Activity. A faithful copy of the data is what is wanted, minus any pictures.

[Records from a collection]
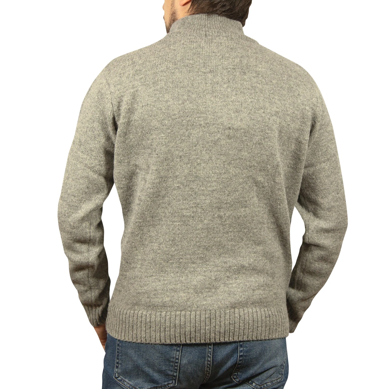 100% SHETLAND RAGG WOOL Half Zip Up Knit JUMPER Pullover Mens Sweater Knitted - Grey - M
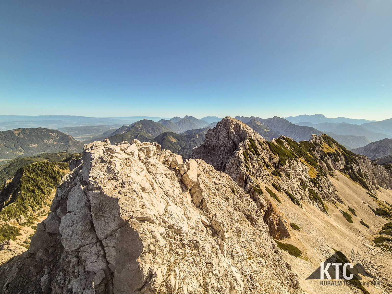 Von Laufen war dort allerdings nicht mehr viel übrig - das war im Bestenfall eine technische Wanderung bis Kletterei und stetiger Wegsuche. Der elektronische Helfer am Handgelenk versicherte aber immer wieder auf dem Weg zu sein. Außerdem waren doch immer wieder Latschen ausgeschnitten und somit soetwas wie ein Weg erkennbar - für einige Meter. Mehrere Gipfelkreuze konnte ich auf dem wirklich schwierigen, ausgesetzten Weg erklimmen und immer wieder die atemberaubende Fernsicht in alle Richtungen geniesen. Speikkogel, Großglockner, Triglav.. alles war dabei und noch viel mehr, was ich aber ob meiner bescheidenen Kenntnisse nicht bennen konnte.
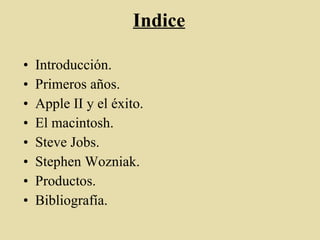 Apple es una empresa estadounidense fundada en 1976 por Steve Jobs y Steve Wozniak. Sus principales productos incluyen los ordenadores Macintosh, el reproductor de música iPod, el teléfono inteligente iPhone y la tableta iPad. Jobs y Wozniak diseñaron la computadora Apple I en un garaje en 1971 y fundaron oficialmente la compañía en 1976. El éxito del Apple II en 1977 llevó a la compañía a la cima de la industria de las computadoras personales.
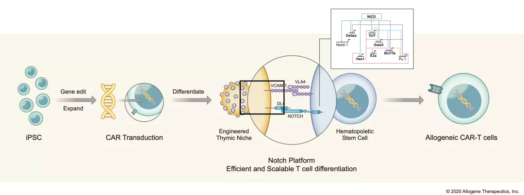 利用來(lái)自于Notch的專有iPSCs平臺(tái)進(jìn)行成熟T細(xì)胞和CAR-T工程細(xì)胞的生產(chǎn)。
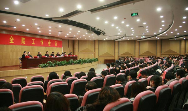 3月18日下午,全院工作会议在长清校区图书馆报告厅隆重召开。院党委书记柳文敏,院长张志民,党委副书记朱德强,党委副书记、纪委书记刘致兴,副院长胡德定、郭跃进、刘大力、王力克、刘晓静出席会议。院长张志民总结学院2009年工作。党委副书记、纪委书记刘致兴宣读表彰先进决定。党委书记柳文敏部署学院2010年工作。党委副书记朱德强主持会议。机关科级以上干部,各二级学院、公共课教学部处级干部、科级干部、教研室主任、党支部书记、教师代表400余人参加了会议。
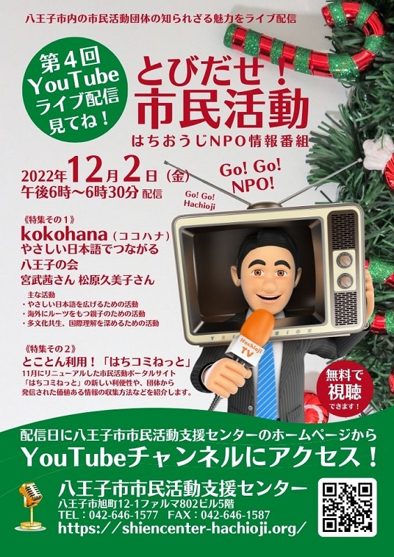 YouTubeライブを使い、八王子市内の市民活動を市民へ伝える情報番組です。

The completed task.
 100% SHETLAND RAGG WOOL Half Zip Up Knit JUMPER Pullover Mens Sweater Knitted - Grey - M
 Von Laufen war dort allerdings nicht mehr viel übrig - das war im Bestenfall eine technische Wanderung bis Kletterei und stetiger Wegsuche. Der elektronische Helfer am Handgelenk versicherte aber immer wieder auf dem Weg zu sein. Außerdem waren doch immer wieder Latschen ausgeschnitten und somit soetwas wie ein Weg erkennbar - für einige Meter. Mehrere Gipfelkreuze konnte ich auf dem wirklich schwierigen, ausgesetzten Weg erklimmen und immer wieder die atemberaubende Fernsicht in alle Richtungen geniesen. Speikkogel, Großglockner, Triglav.. alles war dabei und noch viel mehr, was ich aber ob meiner bescheidenen Kenntnisse nicht bennen konnte.
 Apple es una empresa estadounidense fundada en 1976 por Steve Jobs y Steve Wozniak. Sus principales productos incluyen los ordenadores Macintosh, el reproductor de música iPod, el teléfono inteligente iPhone y la tableta iPad. Jobs y Wozniak diseñaron la computadora Apple I en un garaje en 1971 y fundaron oficialmente la compañía en 1976. El éxito del Apple II en 1977 llevó a la compañía a la cima de la industria de las computadoras personales.
 利用來(lái)自于Notch的專有iPSCs平臺(tái)進(jìn)行成熟T細(xì)胞和CAR-T工程細(xì)胞的生產(chǎn)。
 3月18日下午,全院工作会议在长清校区图书馆报告厅隆重召开。院党委书记柳文敏,院长张志民,党委副书记朱德强,党委副书记、纪委书记刘致兴,副院长胡德定、郭跃进、刘大力、王力克、刘晓静出席会议。院长张志民总结学院2009年工作。党委副书记、纪委书记刘致兴宣读表彰先进决定。党委书记柳文敏部署学院2010年工作。党委副书记朱德强主持会议。机关科级以上干部,各二级学院、公共课教学部处级干部、科级干部、教研室主任、党支部书记、教师代表400余人参加了会议。
 YouTubeライブを使い、八王子市内の市民活動を市民へ伝える情報番組です。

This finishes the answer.